What Is the FDIC?
When the Great Depression hit the United States in the late 1920s, banks collapsed like houses of cards. How did this hurt consumers? When the banks failed, they lost their customers' money. Failed banks lost an estimated $1.3 billion of consumers' deposited money between 1929 and 1933.

AFP/Paul J. Richards
The sorrowful faces of the life-size statues are a powerful expression of the times, showing the inactivity and troubles of everyday citizens during the Great Depression.
To help rectify the situation, President Franklin D. Roosevelt signed the Banking Act of 1933, which, among other things, created the Federal Deposit Insurance Corporation. The primary purpose of the FDIC was to ensure that consumers who banked with an insured bank didn't lose their money if the bank curled up and died. For this insurance coverage, banks paid a flat-rate premium of $2,500 per depositor, which increased to $5,000 soon after the FDIC's founding. Although certainly no panacea for the Great Depression, this insurance helped to restore consumer confidence in banking institutions.
Other major events in the FDIC's history include:
- The Federal Deposit Insurance Act of 1950 boosted insurance coverage to $10,000 per depositor. This law also authorized the FDIC to invest money in (or "bail out") a failing U.S. bank, if the bank's failure would cause serious economic turmoil in the community it served.

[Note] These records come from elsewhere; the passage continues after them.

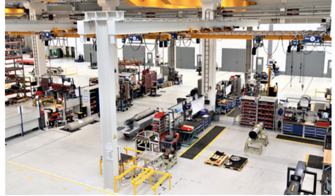
Factory hall and production facility for Flottweg centrifuges

Vilsbiburg, close to Munich in Germany, is the location of the Flottweg SE headquarters and production plant. Here, the separation technology specialist builds plant and machinery for solid-liquid separation on a site covering about 110,000 square metres. In 2021, the company inaugurated its new Factory II, expanding its production area by approximately 18,000 square metres. A decisive element in protecting its business premises of just over six hectares and maintaining its status as Authorized Economic Operator (AEO) is the video surveillance solution supplied by Regensburg-based manufacturer Dallmeier.
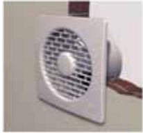
Punto Filo on - Wall fan

We have various types of domestic fans used in bathrooms, braai areas, general human cooling, and dehumidification.
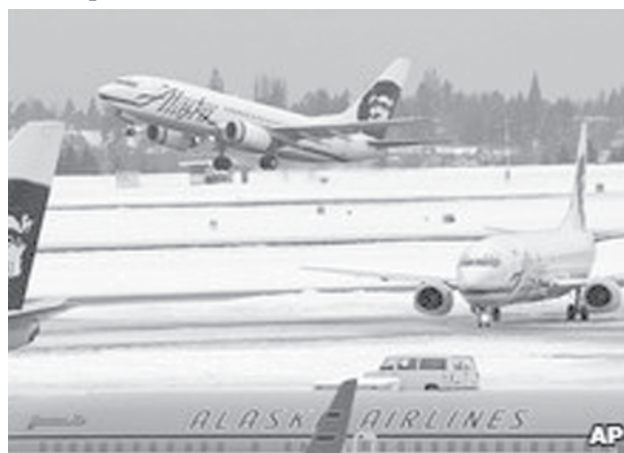
The airport has been hit by heavy snow this week.—INTERNET

Fire engines and ambulances are on the scene. The airport has been hit by heavy snowstorms this week. The plane had been preparing to take off on a flight to Burbank, California, with 143 passengers and a crew of 5, reports said.—Internet
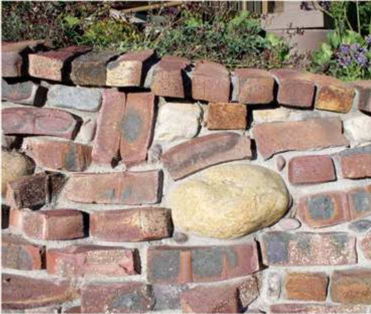
Extreme Radical Clinkers Dana Point, CA

A clinker brick is one which was discarded because it was discolored or distorted. In the 1920s, leaders of the Arts and Crafts design movement rediscovered its possibilities for creative and dramatic architectural detailing. The clinker brick's eccentric, irregular shapes and colors appealed to the Arts and Crafts aesthetic which was to rebel against the takeover of soulless, machine-made uniformity.
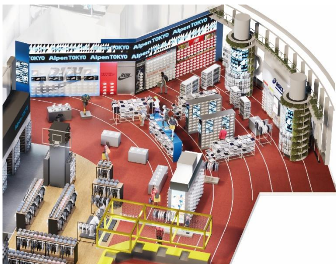
*Left image: View from the Yasukuni-dori entrance

Alpen Tokyo's first floor will be renovated on July 1st! We will be installing "On" shop-in-shops and large, impressive signage to visually communicate the latest gear information and product appeal. On July 19th, we will be holding an event to challenge the Guinness World Record™ for the most pairs of running shoes sold in a day!
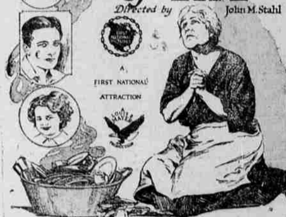
A Drama of Dishes and Discontent.
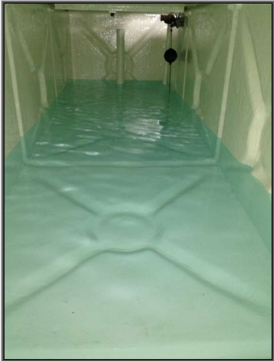
Cold Water Storage fully disinfected and filling up before been returned to full service
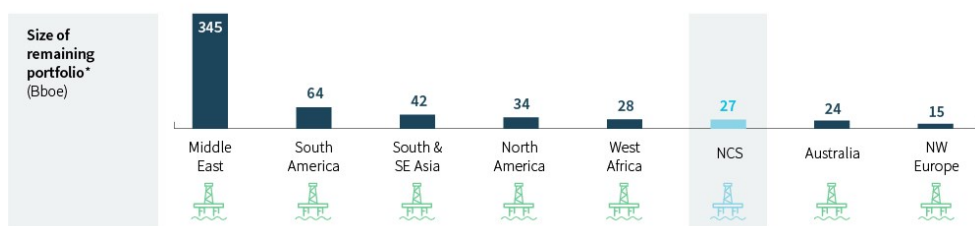
Figure 8. Remaining resources on the NCS as compared to other basins (Rystad Energy, 2021)

* Total volumes in fields in production, under development or discovered, but not yet produced as of 1.1.2021.
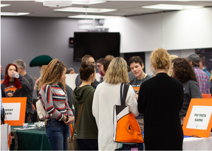
Students browse the different booths to learn about programs and activities available at Lincoln Trail College.
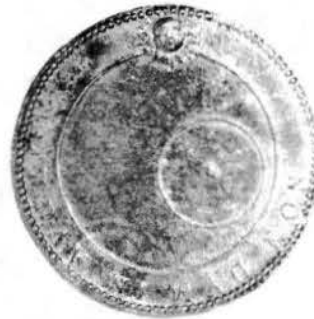
FIG. 6. Medal of Carlo Spinelli, 1564. London, British Museum
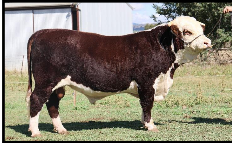
Kirraweena Tariq (H) (Sire: Karoonda Warship) Sold Wodonga 2024 for $22,000 to Homeleigh Herefords CONSISTENTLY BREEDING QUALITY, EASY DOING, QUIET HEREFORDS
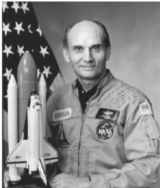
Sen. E.J. "Jake" Garn.

EIR: What the President has in the budget is an allocation of $6.6 billion over five years to develop the crew exploration vehicle, to replace the crew-carrying capability of the Shuttle. But there is no money to start developing a replacement for the Space Shuttle cargo-carrying capability. Engineers have looked at a Shuttle-derived vehicle—replacing the orbiter with a payload carrier. Why not use the Shuttle technology in
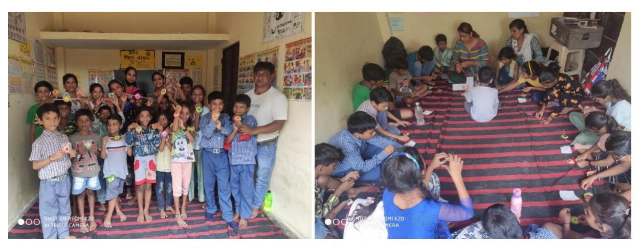
Rakhi Making Activity held at Shiv Vihar Education Centre
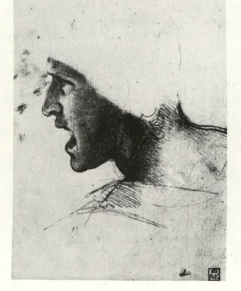
LEONARDO DA VINCI. Study of a Warrior's Head Museum of Fine Arts, Budapest
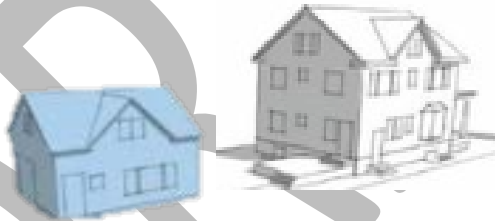
Example of Detached ADU.

C. “Detached accessory dwelling unit” means an accessory dwelling unit that consists of a building that is separate and detached from the primary single-family housing unit. Examples include converted garages or new standalone construction.
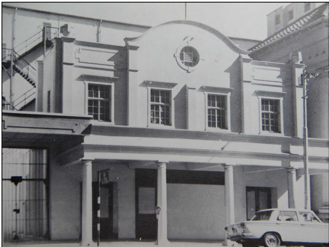
The Baptist Church today [1971]: the bindery of the State Library [All-01, p81]
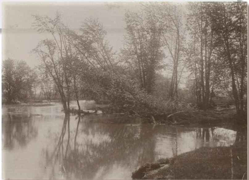
Sugar Creek circa 1899

“But that which crowned the perfection of the view, and imparted an indescribable charm to the whole scene from the knoll where we stood, to the most distant point, was the inimitable grace with which the picturesque clumps of trees, that sometimes enlarges themselves into woods, embellished this rural landscape from the hand of Nature. America will justly boast of this unrivaled spectacle when it becomes known, for certainly it is formed of elements that no magic could enable all Europe to bring together upon so great a
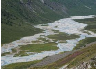
Potanine glacier ♡ 20km - ⌚ 6h 30m Tsagaan river ♡
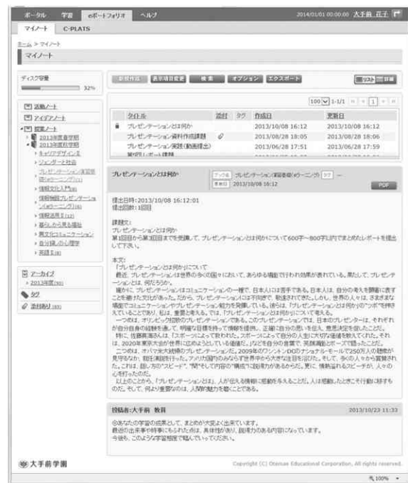
Figure 4: Sample from “My note”
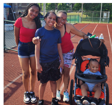
Bearcat Families really enjoyed the festivities.
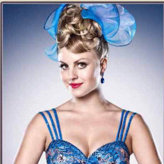
TINA O'BRIEN "The Soap Sweetheart"

Tina brings her own unique brand of sexy and cute. One of Corrie's favourite faces since she was 16 years old, this hard working mum is somebody the nation loves and can relate to.
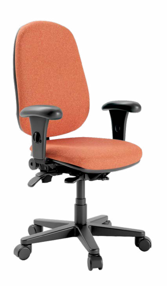
6800ti FELT MELANGE | SOLID COLLECTION FELT10 | Pollen

BEELINE | PVC FREE COLLECTION BEL10 | Myth
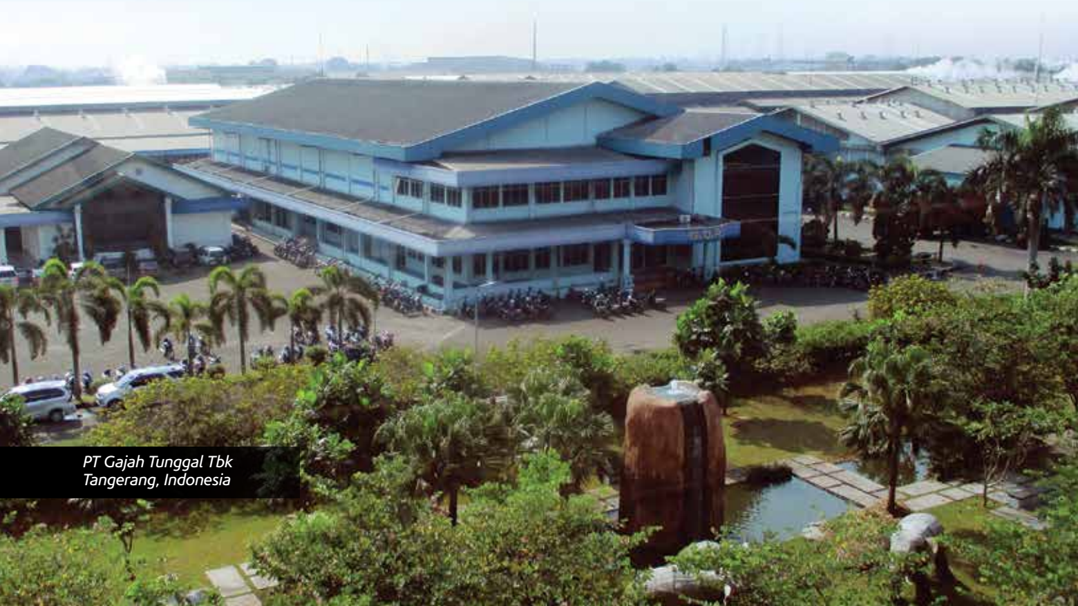
PT Gajah Tunggal Tbk Tangerang, Indonesia

G ITI Tire, the 10 th largest tire company in the world and one of the most successful in Asia, announced in June 2014 that it would establish its first North American manufacturing facility in Richburg, South Carolina. For the Singapore-based company, this will be its first manufacturing facility built outside of the continent of Asia.

Without a bank to invest in business and community development, a city or region can be left financially impaired or devastated. The FDIC usually uses the term "too big to fail" to describe such financial institutions.

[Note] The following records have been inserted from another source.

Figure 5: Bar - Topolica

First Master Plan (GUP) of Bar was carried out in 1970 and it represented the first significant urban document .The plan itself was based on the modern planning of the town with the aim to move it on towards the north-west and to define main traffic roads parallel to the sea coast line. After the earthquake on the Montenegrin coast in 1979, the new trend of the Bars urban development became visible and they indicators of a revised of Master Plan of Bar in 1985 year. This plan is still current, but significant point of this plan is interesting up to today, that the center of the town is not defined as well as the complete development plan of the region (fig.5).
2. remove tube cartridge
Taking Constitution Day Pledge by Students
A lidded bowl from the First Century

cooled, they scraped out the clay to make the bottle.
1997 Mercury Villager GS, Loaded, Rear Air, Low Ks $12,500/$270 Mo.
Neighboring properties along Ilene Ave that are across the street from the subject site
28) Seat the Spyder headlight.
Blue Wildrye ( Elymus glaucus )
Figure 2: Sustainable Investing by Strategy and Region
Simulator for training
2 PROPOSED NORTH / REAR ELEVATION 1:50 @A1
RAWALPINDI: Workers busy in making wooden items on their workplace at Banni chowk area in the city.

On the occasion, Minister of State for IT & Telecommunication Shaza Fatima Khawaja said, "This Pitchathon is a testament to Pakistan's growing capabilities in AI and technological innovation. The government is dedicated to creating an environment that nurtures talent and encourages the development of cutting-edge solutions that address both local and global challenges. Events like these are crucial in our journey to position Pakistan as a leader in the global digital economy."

- The Depository Institutions Deregulation and Monetary Control Act of 1980 increased the FDIC's insurance coverage to $100,000 per depositor.

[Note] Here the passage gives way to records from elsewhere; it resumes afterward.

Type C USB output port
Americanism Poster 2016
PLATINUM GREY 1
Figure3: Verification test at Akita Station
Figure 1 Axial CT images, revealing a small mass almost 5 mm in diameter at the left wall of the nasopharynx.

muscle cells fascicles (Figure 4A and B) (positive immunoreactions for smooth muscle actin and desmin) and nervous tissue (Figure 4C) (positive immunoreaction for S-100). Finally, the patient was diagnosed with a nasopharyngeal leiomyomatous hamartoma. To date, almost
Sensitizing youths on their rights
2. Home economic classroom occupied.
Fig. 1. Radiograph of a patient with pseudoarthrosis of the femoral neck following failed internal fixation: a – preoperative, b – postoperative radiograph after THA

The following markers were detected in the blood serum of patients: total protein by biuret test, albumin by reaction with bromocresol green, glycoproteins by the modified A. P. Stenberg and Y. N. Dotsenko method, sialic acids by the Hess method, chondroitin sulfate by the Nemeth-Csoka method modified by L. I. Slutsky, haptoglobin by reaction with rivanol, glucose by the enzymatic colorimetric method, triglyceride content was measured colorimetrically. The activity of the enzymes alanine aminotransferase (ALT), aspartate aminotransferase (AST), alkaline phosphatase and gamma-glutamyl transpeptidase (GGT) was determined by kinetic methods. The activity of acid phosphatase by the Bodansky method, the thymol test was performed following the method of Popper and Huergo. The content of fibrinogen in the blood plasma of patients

- The Federal Deposit Insurance Corporation Improvement Act of 1991 changed the flat-rate premium paid by insured banks to a risk-based premium, as with health insurance and auto policies. In the 1980s, years of recession saw massive bank failures in the U.S., especially among savings and loan institutions. The FDIC spent billions of dollars to bail out banks it deemed "too big to fail," but some of these banks ended up failing anyway. To prevent the FDIC from wasting money on unwise bailouts, this Act requires Presidential approval of any bailout.